You have not specified if data modification changes size or not (if modification can be done in place) thus we will not assume it and will work as filter. You have not specified what format of your "modifier file" and what sort of modification. Assume that it is separated by tab something like:
<id><tab><position_after_id><tab><amount><tab><data>
We will read data from stdin and write to stdout and script can be something like this:
my $modifier_filename = 'modifier_file.txt';
open my $mf, '<', $modifier_filename or die "Can't open '$modifier_filename': $!";
my %modifications;
while (<$mf>) {
chomp;
my ($id, $position, $amount, $data) = split /\t/;
$modifications{$id} = [$position, $amount, $data];
}
close $mf;
# make matching regexp (use quotemeta to prevent regexp meaningful characters)
my $id_regexp = join '|', map quotemeta, keys %modifications;
$id_regexp = qr/($id_regexp)/; # compile regexp
while (<>) {
next unless m/$id_regexp/;
next unless $modifications{$1};
my ($position, $amount, $data) = #{$modifications{$1}};
substr $_, $+[1] + $position, $amount, $data;
}
continue { print }
On mine laptop it takes about half minute for 1.5 million rows, 1800 lookup ids, 1.2GB data.
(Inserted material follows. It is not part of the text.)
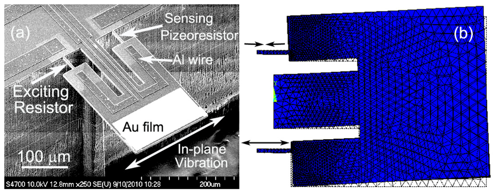 For real-time bio/chemical detection in liquid environment like aqueous solution, improved resonant cantilever structures is designed that can be operated in higher resonance modes than fundamental bending mode resonance [49]. With lower liquid damping and drag-force effect, the higher-mode resonators can achieve high enough Q-factor for frequency-shift detection in liquid. Compared with bending-mode of conventional cantilever, in-plane resonance mode is advantageous in enduring lower liquid resistive effect and gaining higher Q-factor in liquid. As is shown in the SEM image of Figure 5a, the double tiny-beams structured resonant cantilever is designed and fabricated for sensing in in-plane resonance mode. The in-plane mode resonant sensor consists of a central supporting-beam and a pair of silicon tiny-beams at its both sides, with one for electro-thermal resonance excitation and another for piezoresistive frequency-readout. A thin sensing plate is loaded at the end of the central supporting-beam and linked with the two tiny-beams via two overhanging legs of the sensing plate. The resonance exciting resistor and the sensing piezoresistor are embedded in the silicon tiny-beams by boron doping. The distance between the tiny-beam and the central supporting-beam has been optimally designed so that the tiny-beams can only straightly (axially) compress or stretch instead of bending movement. This pure axial vibration of the tiny-beams is achieved by counteracting between the positive lateral movement and the negative rotating movement of the sensing plate when the structure resonates in the in-plane mode. By supplying a pulsed current through the thermal exciting resistor, the pulse-heating induced extensional expansion in longitudinal direction of the tiny-beam will lead the sensing-plate into in-plane swing resonance. At another side, the tiny-beam piezoresistor is forced into pulsed compression and the piezoresistive frequency signal can be electrically read out. The ANSYS-simulated resonance mode shape is illustrated in Figure 5b. When the AC current flows through the exciting tiny-beam to cause the pulsed thermal expansion, the in-plane resonance mode of the sensor is confirmed, while the unwanted out-of-plane resonant modes at lower frequencies can be well depressed.

For 10GB it should not be over 5 minutes. Is it reasonable quick for you?
If you start think you are not IO bound (for example if use some NAS) but CPU bound you can sacrifice some readability and change to this:
my $mod;
while (<>) {
next unless m/$id_regexp/;
$mod = $modifications{$1};
next unless $mod;
substr $_, $+[1] + $mod->[0], $mod->[1], $mod->[2];
}
continue { print }
You should almost certainly use a database, as MikeyB suggested.
If you don't want to use a database for some reason, then if the list of modifications will fit in memory (as it currently will at 1800 lines), the most efficient method is a hashtable populated with the modifications as suggested by yves Baumes.
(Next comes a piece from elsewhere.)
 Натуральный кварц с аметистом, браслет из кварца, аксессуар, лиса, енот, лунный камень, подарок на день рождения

If you get to the point where even the list of modifications becomes huge, you need to sort both files by their IDs and then perform a list merge -- basically:
Compare the ID at the "top" of the input file with the ID at the "top" of the modifications file
Adjust the record accordingly if they match
Write it out
Discard the "top" line from whichever file had the (alphabetically or numerically) lowest ID and read another line from that file
Goto 1.
Behind the scenes, a database will almost certainly use a list merge if you perform this alteration using a single SQL UPDATE command.
Good deal on the sqlloader or datadump decision. That's the way to go.